Second class is the implicit expression keyword, and this class keyword did not carry any sensitive information originally.But for a certain reason, this class speech in responsive text generating fixing contact, that is to say that these speech also are to occur with very big probability in responsive text the inside, also can occur certainly in other text the inside.
The 3rd class formula logic keyword, this class keyword is divided into two classes: a class is a polysemant, promptly this class keyword is normal in normal text the inside meaning, carries sensitive information in responsive text the inside; An other class keyword mainly be that certain speech is arranged in pairs or groups after, carrying sensitive information jointly.And this collocation, we can be divided into two kinds, and a kind of is the explicit logic that adds, and a kind of is the logical add logic.Based on above-mentioned definition, chosen keyword set, make up semantic rules simultaneously and described semantic association between the vocabulary, help correct characteristic information extraction.Feature after proposing is through after the normalization, as the proper vector of this continuous text.By step S4, select for use support vector machine (Support Vector Machine, be called for short SVM) as sorter, feature is trained and classified, output decides whether this webpage is sensitive web page according to SVM.

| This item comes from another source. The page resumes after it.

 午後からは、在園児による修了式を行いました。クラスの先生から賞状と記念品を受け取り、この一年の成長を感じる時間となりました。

Particularly, the present invention is for the webpage of second type, according to step S4, an artificial constructed lists of keywords, behind the statistics of the text in webpage keyword, be input to the Bayes network the inside that trains as proper vector after the normalization, decide according to the output of network whether this webpage is sensitive web page.

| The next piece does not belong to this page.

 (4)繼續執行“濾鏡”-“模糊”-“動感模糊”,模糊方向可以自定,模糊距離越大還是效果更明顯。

Particularly, the present invention by step S3, obtains the satisfactory image of part of webpage the inside for the webpage of the 3rd type according to size; By step S6, utilize the image classification device that image is discerned one by one, the result of identification is (N
1, N
2), N wherein
1For recognition result is responsive image number, N
2For recognition result is normal image number.Whether be responsive priori as image simultaneously,, use and text is differentiated that the result of output is: P to the text of webpage the inside at the Bayes sorter of discrete text according to step S5
sAccording to step S7, utilize two parameters to describe image classification device: P
1Represent a secondary normal picture mistake is divided into the probability of sensitive image, P
2Represent a secondary sensitive image mistake is divided into the probability of normal picture, three following formula of parameter substitution merge:
The above-mentioned formula of each sorter output valve substitution, result calculated and threshold judge whether this webpage is sensitive web page.
In the foregoing description, each step is example, and those of ordinary skills can determine the actual step that will use according to actual conditions, and the realization of each step has several different methods, all should belong within the scope of the present invention.
Explanation at last: top description is to be used to realize the present invention and embodiment, and scope of the present invention should not described by this and limit.It should be appreciated by those skilled in the art,, all belong to claim of the present invention and come restricted portion in any modification or partial replacement that does not depart from the scope of the present invention.